The battery numbers game 

The point of the installation is to have mains power available during a grid outage. However, there are two limitations, which are the total energy stored in the fully charged battery and how quickly it may be used. A 115Ah is the energy available at a 20hour discharge rate. If the energy is drawn at a rate which would exhaust the battery in 5 hours, the capacity drops to 90Ah.
Let's assume the 5 hour capacity and not discharge the battery to below 50% of the 5 hour capacity. Those conditions allow a maximum current of 18A, for 2hrs 30minutes. However that's 18A at 12V, which is 216 Watts. If the inverter has an efficiency of 85%, then the maximum power rating of the 230V, mains appliance(s) may be a total of no more than 180 Watts, if run continuously, for just 150 minutes. So! How much energy is half of the battery capacity? Energy = Power x Time. E = 216 x 150 x 60 = ~2MJ. Hmm! Let's put that into perspective. Draining half of the energy from a high capacity, deep cycle battery, over 2hrs 30mins, is equivalent to the energy required (theoretically) to boil ~4.5 litres (~1 gallon) of water; from 0 degrees. Oh dear! Adding a battery monitor is an expensive option. The reason for its inclusion is simply to show how it fits into the system. It relies upon a serial shunt on the negative side. WTF that means doesn't matter. Just wire it right! Below is a costed, 12V system. The reason for using a 1000W inverter is that, for short spells, it allows the use of higher power appliances. The next section will explore a 24V system, which involves 2, expensive batteries. Gulp! 
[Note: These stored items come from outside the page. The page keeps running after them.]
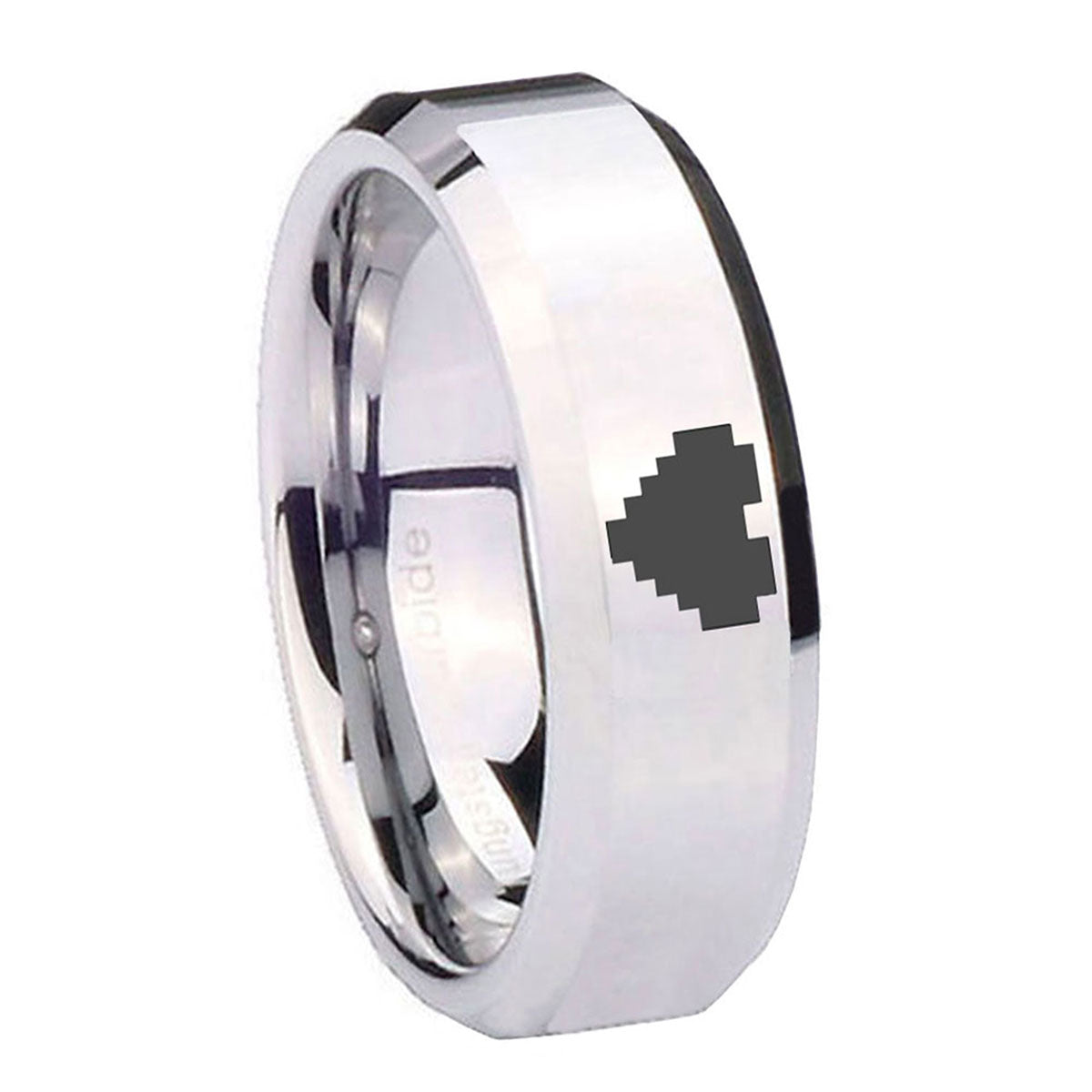 Celebrate gaming with the 10mm Beveled Zelda Heart Mirror Beveled Edges Silver Tungsten Carbide Ring. This silver tungsten ring with Zelda Heart design is perfect for fans.
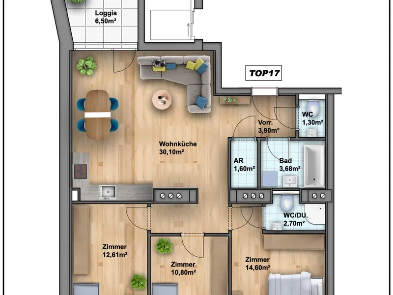 Es erwarten Sie 6 großzügige 3- bis 4-Zimmer-Wohnungen mit Wohnflächen von ca. 85 bis 97m² . Alle Einheiten verfügen über Loggien oder Balkone , teilweise besteht zudem die Möglichkeit zur Adaptierung einer Dachterrasse .
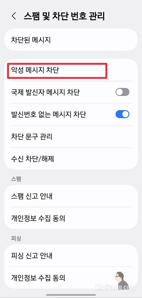 전화 보이스 피싱 의심 전화 알림을 소개해 드렸는데, 추가로 문자에서 스팸 및 악성 메시지 차단 설정 기능도 소개해 드리겠습니다.
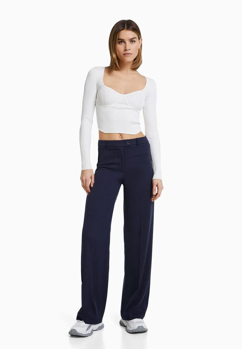 BERSHKA WIDE LEG TAILORED – Stoffhose – Royal Blue
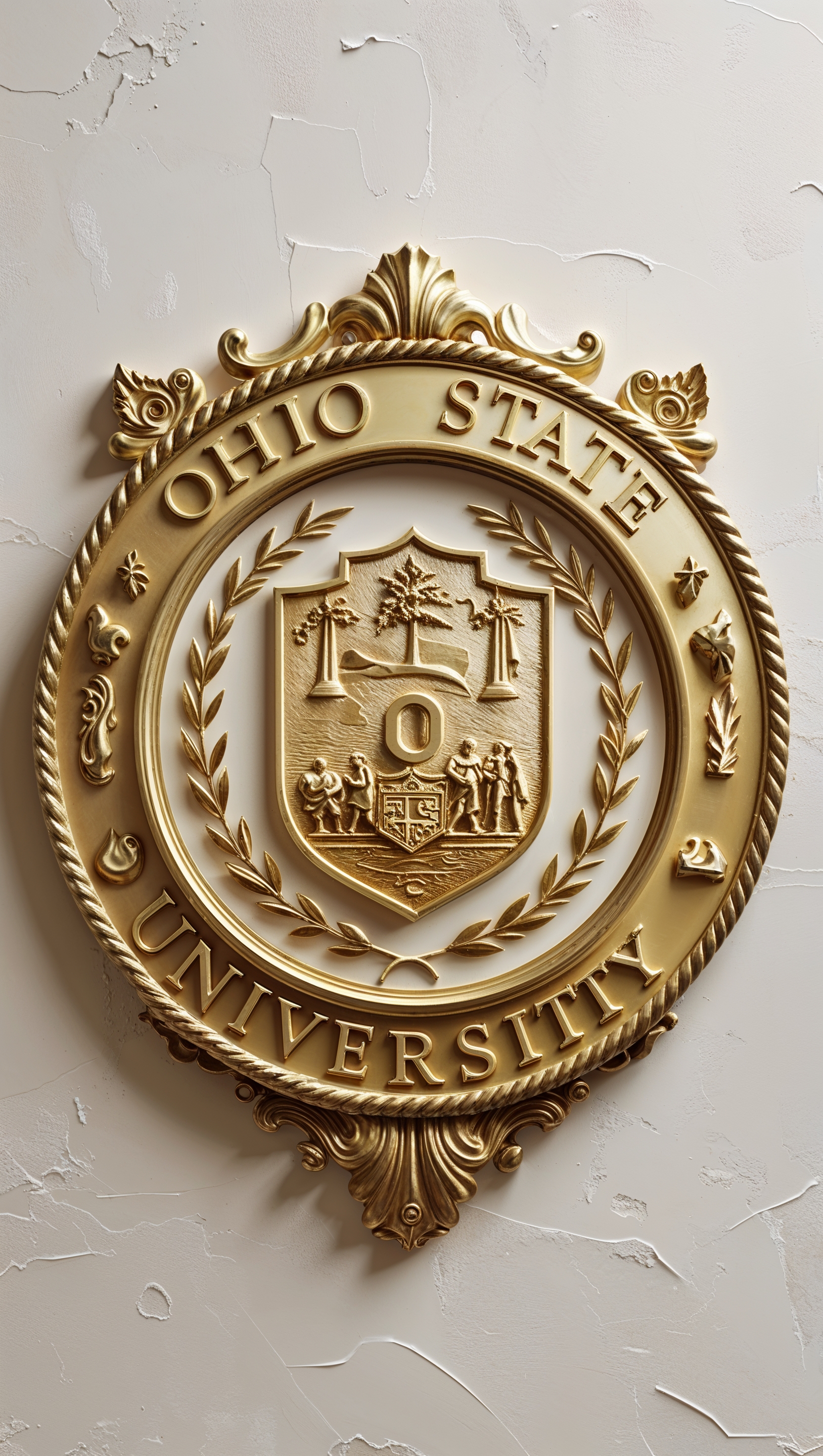 1664x2944 Ohio State University seal in golden texture, elegant and classic design, iPhone wallpaper
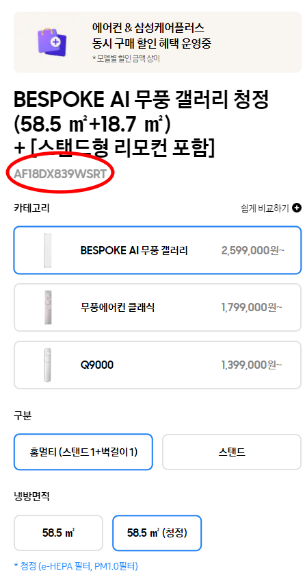 - 모델명 접두사 : 삼성 에어컨의 모델명에서 'AF'로 시작하는 경우, 인버터 모델일 가능성이 높습니다. 'A'는 에어컨을 의미하고, 'F'는 프리미엄 모델을 나타냅니다.
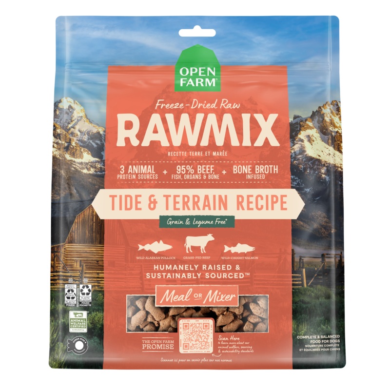 Open Farm RawMix Freeze Dried Morsels Tide & Terrain Recipe100% HUMANELY RAISED AND SUSTAINABLY SOURCED FISH & MEAT100% TRACEABLE INGREDIENTS100% NON-GMO GRAINS, FRUITS & VEGETABLESRAISED WITHOUT ANTIBIOTICS, HORMONES OR STEROIDS+ ALL RECIPES ARE 95% MEAT,
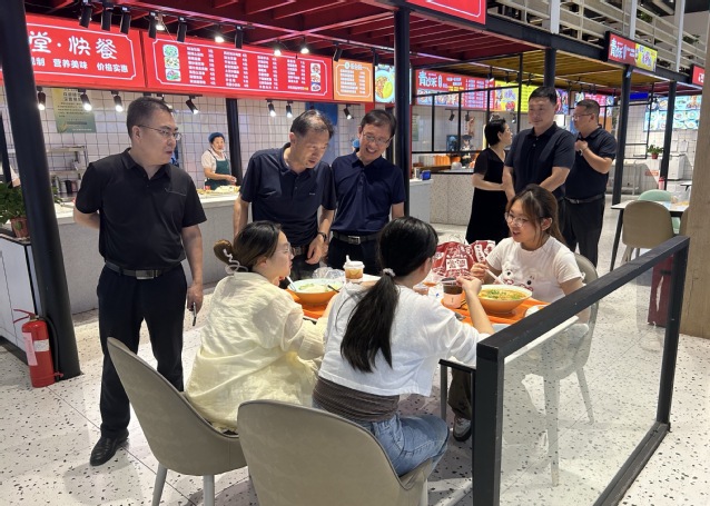张校长从学生食堂开始检查,在六食堂、八食堂、七食堂、三食堂与就餐学生亲切交谈,听取大家对食堂服务的意见和建议。随后又深入后厨操作间及食品仓库等地点,仔细检查了工作人员健康证、环境卫生、食品加工流程、原料采购与储存、消防设施安全等情况。他强调,食品安全是校园安全工作的重中之重,必须严把源头关、过程关,确保师生吃的健康、安全、实惠。
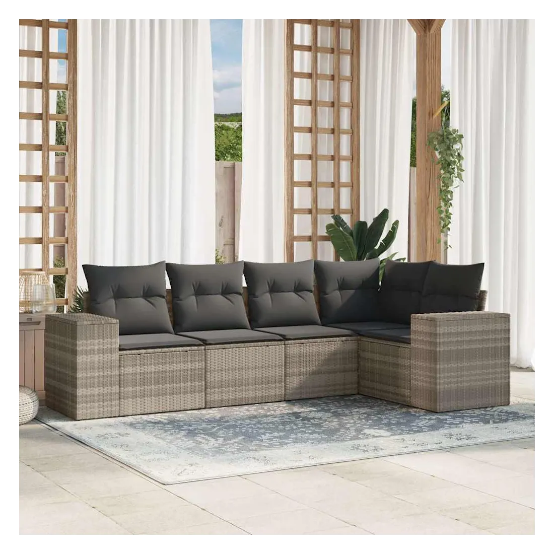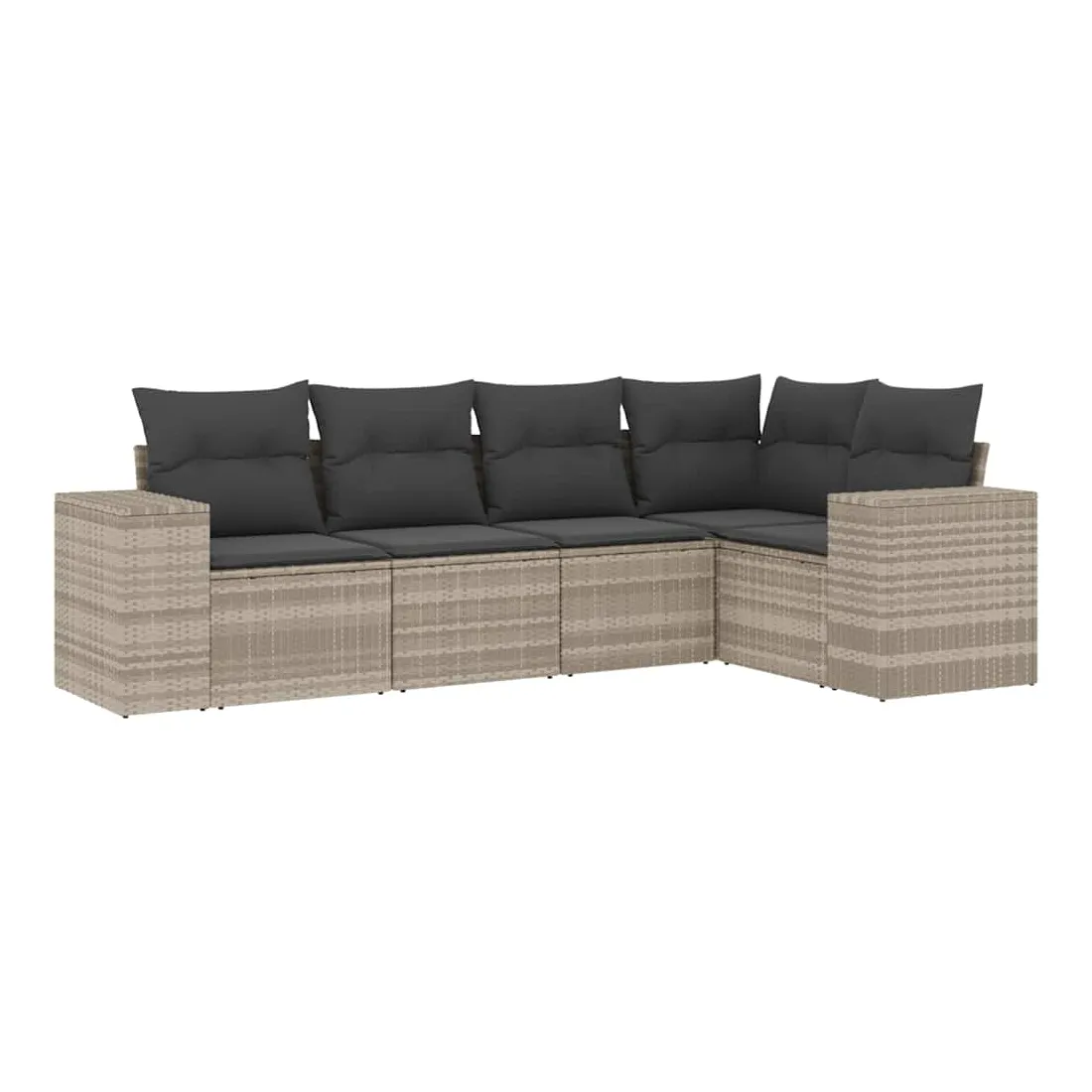 Salon de jardin 5 pcs avec coussins gris clair résine tressée

A 24V system with 2 x 12V batteries in series 

For reasonable battery life, in terms of recharge cycles, the 12V system allows a maximum mains power of 180W for 2hrs 30mins, which is hardly spectacular. Employing 2 of the same capacity batteries,in a 24V system has several advantages. Assuming that the power output remained at only 180W, it would now take 10 hours to completely exhaust the batteries, therefore their capacity could increase fromthe 5hr, 90Ah capacity to closer to 100Ah. 1 battery of 90Ah capacity has increased to 2 with a total of 200Ah capacity. 180W is now availabe for well over 5 hours. Of course, 360W becomes the 5 hour rate, so that power is available for 2hrs 30mins. Strangely, the 24V inverter, from the same company, was £70 less than the 12V inverter. Dropping the battery charger current, from 20A to 12A saved £5, which paid for the battery serial connector. Overall, doubling the capacity (an extra, £231 battery) added only ~20% to the cost of the system. Having the DC side drawing only 10x the current of the AC side, rather than 20x, is much cooler (literally!).